Laura Bobolts, PharmD, BCOP: It’s an exciting time in the landscape of patient-support services for patients with cancer in general, whether they’re patients with upper–GI [gastrointestinal] and esophageal cancer, breast cancer, or lung cancer. A lot of novel digital health care tools are becoming available for our patients with cancer to help them in between their cancer visits. For example, the company I work for is working on a digital health care tool that’s available for patients with cancer. It’s at their fingertips in their home. If a patient is having an adverse effect late on a Sunday night, they can gain real-time access to a human—not a bot—an oncology nurse who knows the patient and their records and what treatments they’re on, and can help them with any symptoms that the patient is having. Or if a patient needs to speak with an oncologist or oncology pharmacist, they can be available to the patient in real time to do a Zoom visit or a chat to help ease the patient’s worries.

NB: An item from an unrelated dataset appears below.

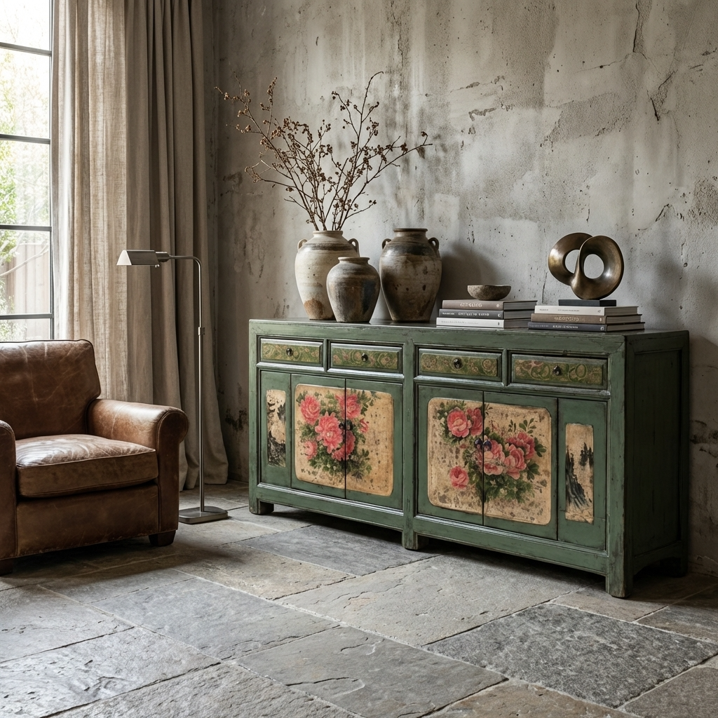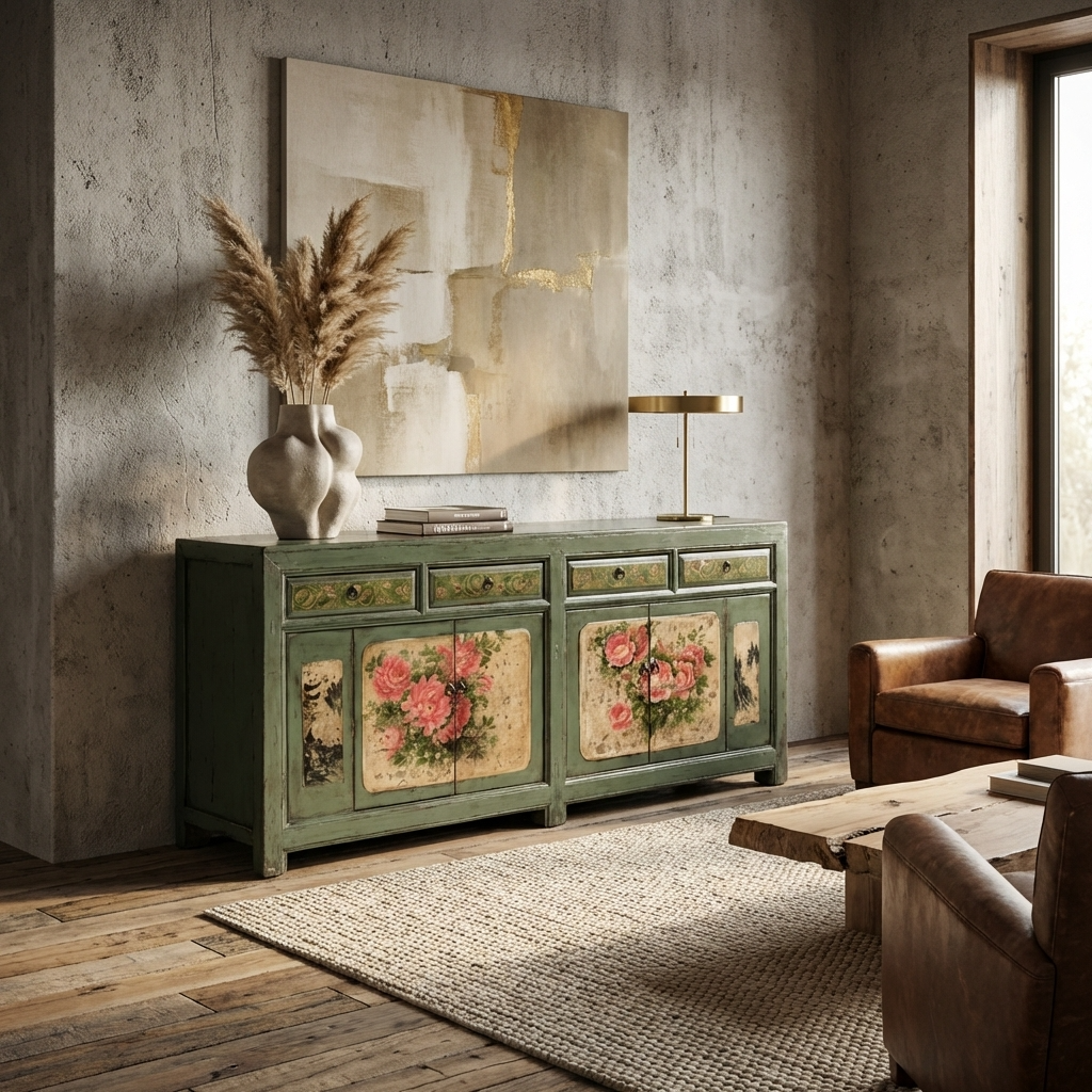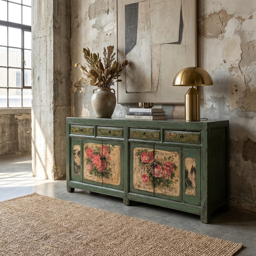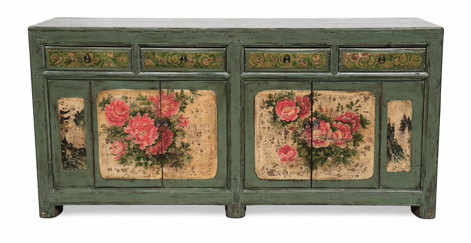 Aparador Chino Antiguo Menta con Peonías Pintadas a Mano An203xP43xAlt84cm

Does the patient know that if they received cisplatin, 5-FU [5-fluorouracil], and pembrolizumab, they may have a metallic taste in their mouth? There’s so much that might be part of the education of their chemotherapy and cancer therapy that it’s hard for the patient to grasp all of that material. You need an extra support system for patients between their visits. With this digital tool, we provide symptom management and peer mentorship. Patients with cancer can talk to a patient who has gone through what they have, a cancer survivor who has walked in their shoes. As an oncology pharmacist, I may be more aggressive and say, “Keep going,” because I don’t know exactly what that patient is feeling inside their body. [Patients can] speak with someone who knows what they’re going through.
In addition to unlimited mental health support, it’s important to treat the patient’s mind, body, and soul as they’re going through cancer treatment. It’s an exciting time because we now have digital tools available to patients to help with symptom management and with support in between their cancer care visits with their providers. That’s especially helpful when a patient might live in a rural area and drives hundreds of miles to go to that large cancer center. Now a patient can have the same services that are available at a large cancer center at their fingertips for some of their needs in between their visits.
It’s exciting to see more novel things available for our patients with cancer, and novel ways to communicate with patients. Because who picks up their phone nowadays with a care management program? If I see a phone number and I don’t know who it is, I may not be picking up that call. Something that a patient can engage with on their phone through an application is more what we need—something that’s tailored to the patient and is patient centered vs a cold phone call.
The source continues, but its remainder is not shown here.